Thanks Terra, you’ve explained something I never previously understood : in my last relationship, my neurotypical partner would be talking to me about an experience she had, I would try to emphathise by relating it to a similar experience that I’d had, and she would get mad at me and say “You always bring it back to you, it always has to be about you!”.
That relationship ended of course.
This can be a particularly difficult communication glitch in relationship, one I’m very familiar with. Personally, I don’t see how anyone can avoid being ‘self-centred’, in the sense that our primary point of reference can only ever be our own nervous system. On that premise, I always try to relate back to my own experiences as a way of offering compassion in a conversation, though it’s not always received in that spirit. I think it’s a wonder any of us can believe we ‘understand’ each other at all.
This Autistic way of thinking and relating to others describes how my brain works automatically. That said, I was taught that bringing up a similar experience right after hearing the others’ can be received as self absorbed and not empathetic at all. That it might be better to give them more time at first where the conversation centers around them; like, asking them how they felt about it, or asking any actual literal question, to show that you are interested in them and their story, encouraging them to talk more about it. It didn’t come naturally (still doesn’t) but I find it makes them feel like I am really listening and I’ve been told that I am a very good listener, which I appreciate. The thing about empathy is, it may be something that a listener feels in their heart, but, unless the other person FEELS empathized with, it doesn’t really do much for the relationship. So it’s really on each individual to learn to communicate the empathy they feel within themselves, in such a way that the other person feels empathized with. I think having this conversation here is helpful in helping us realize that there’s multiple styles and expressions of empathy. But it’s still very hard to adjust one’s own bend towards expressing it the way it comes naturally, but if our goal is to make the other person FEEL our empathy, then it’s important to find out what style of communication does it for them, and try using that instead.
Fascinating because I analogize constantly and never would’ve connected it to my being autistic.
So maybe the expression “You analogizes like an autistic person!” will become a popular analogy??
Probably a big reason I make analogies so often is because in many cases it’s the only good way to communicate a new or unfamiliar idea, and that seems to be a big part of my life.
I’ve found that there are times when analogies can be too effective, though. Like when a person really doesn’t want to take in a new point of view that I’m communicating by analogy. In that case, they might actually invalidate the use of analogy, like it’s not a good way to communicate. It doesn’t make much sense, but I guess saying that gives them a face-saving way out of a conversation where they feel too challenged.
Mary makes a good point. Empathizing includes expressing our empathy in a way that the other person experiences as empathetic—even if we ourselves wouldn’t experience it that way. Unfortunately, there probably aren’t too many neurotypicals thinking about what makes us feel empathized with.

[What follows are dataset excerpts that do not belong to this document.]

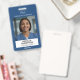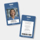 This nurse hospital photo id badge in ocean blue features a logo and provides clear staff identification for medical and healthcare settings. the vertical, professional design ensures easy verification and supports secure workplace operations.
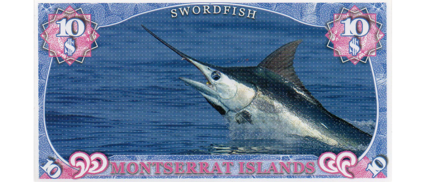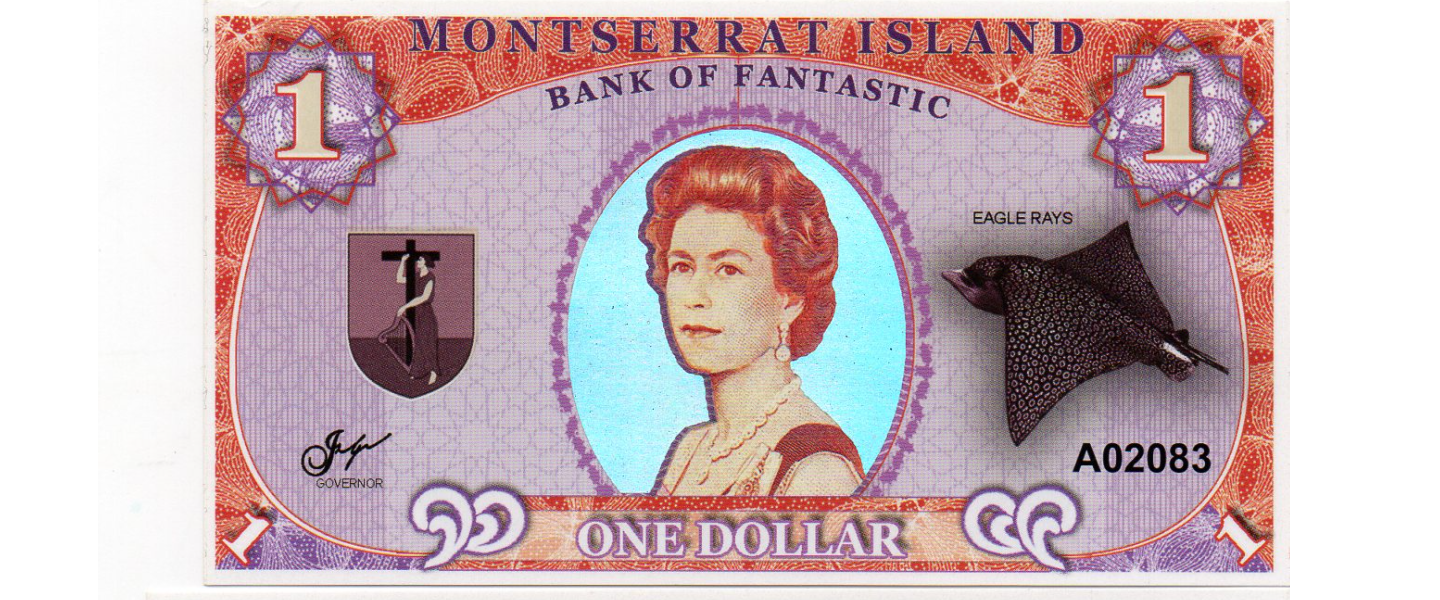 Set de fantasía Reina (3) billetes de Bank of Fantastic - Monserrat Island, valores 1, 5, 10 dólares. SIN CIRCULAR (UNC). Bellos y llamativos ejemplares fantasía
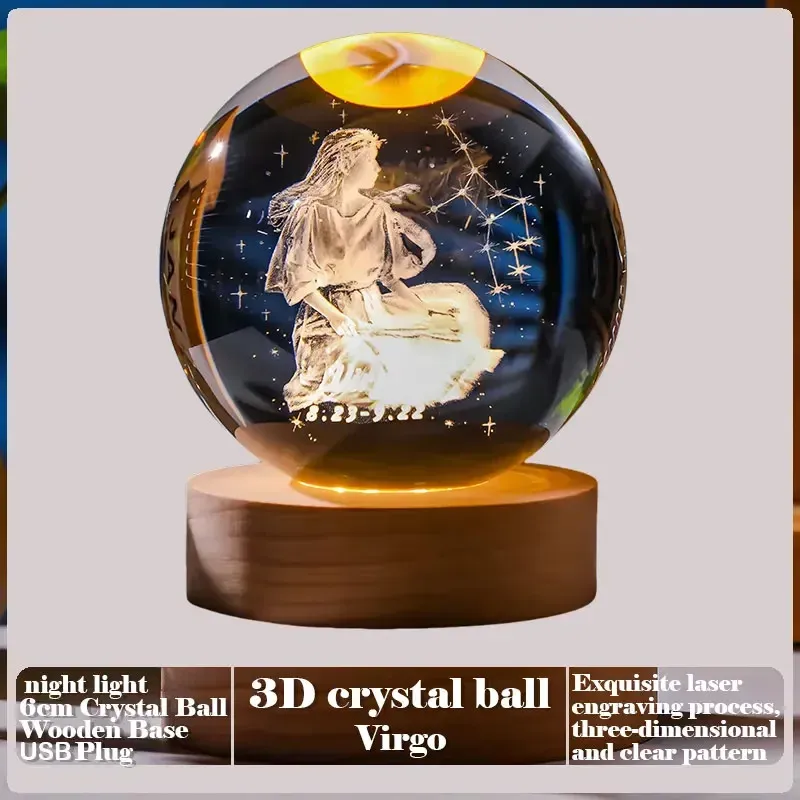 1.Exquisite 3D Laser Engraved Crystal Ball: The 3D crystal ball showcases 12 Constellation various themes like the solar system, ensuring that the crystal maintains its brilliance even after long-term use. Perfectly crafted, these 3D crystal ball decorations create a romantic ambiance for both children and adults. The LED- base adds a warm and bright glow, making it a stunning centerpiece in any room.
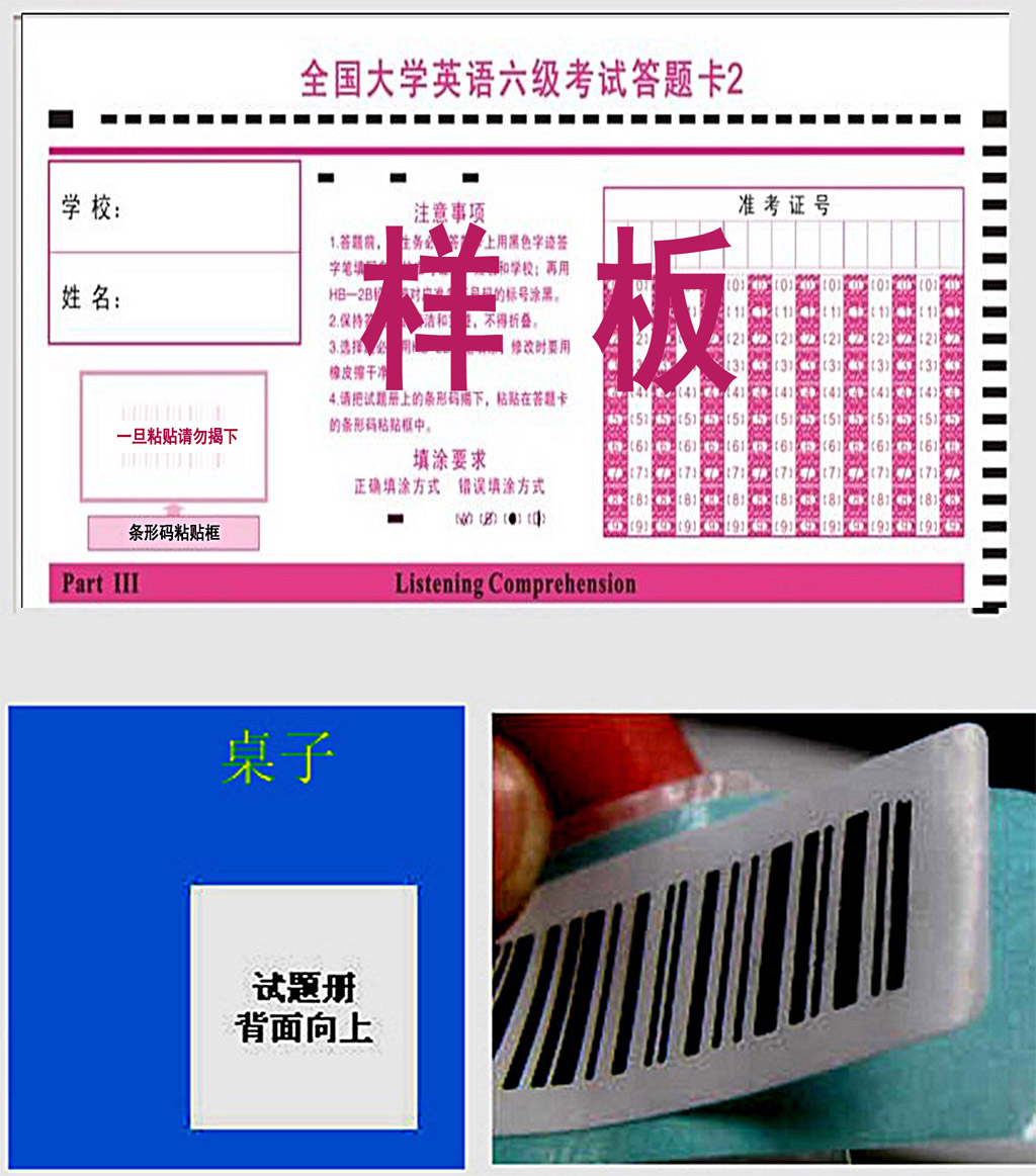 4. 请考生粘贴条形码时务必认真仔细,条形码一经粘贴后不能揭下来重贴,撕毁条形码或粘贴不当造成的后果由考生自行负责。
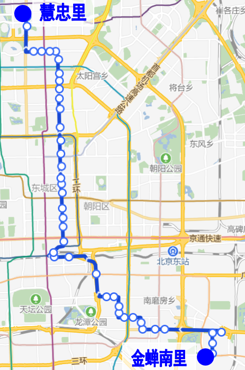 取消站位:惠新西街北口(单向)、惠新东桥南(单向)、惠新东桥西(单向)。
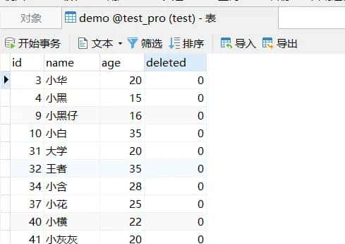 在原来的数据库表——test_pro.demo表中添加deleted字段,并设置默认值为0:
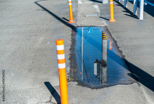 歩道に設置された車線分離標ポールコーンの写真
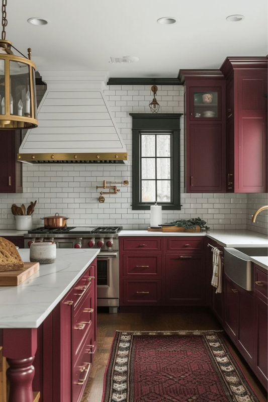Elegant, classic, and effortlessly polished, this burgundy kitchen brings modern grace to a timeless color. The crisp white subway tile backsplash creates a clean contrast, while the brass handles and light fixtures add a gentle golden glow. Every detail, from the shaker cabinets to the rich rug underfoot, feels carefully balanced.

Great analysis. Similar thing happened to me recently. I do it a lot, Never thought it would be part of me being autistic, Probably however one of the traits that let NTs think we are either self-centered, don´t listen, are not emphatic – thus one of the mothers of all the problems in communication, especially in personal intimate ones. I wonder if NTs however can emotionally relate to this trait. Apart from that I feel that analogues are most respectful because using them the other does not asume to define what I feel. I do not like to discuss feelings of myself or especially others because it feels either patronizing or intrusive or both – apart from reducing the complexicity of a situation to a single adjective.
I never gave it much thought before, but now I see that it is something I have been doing my whole life.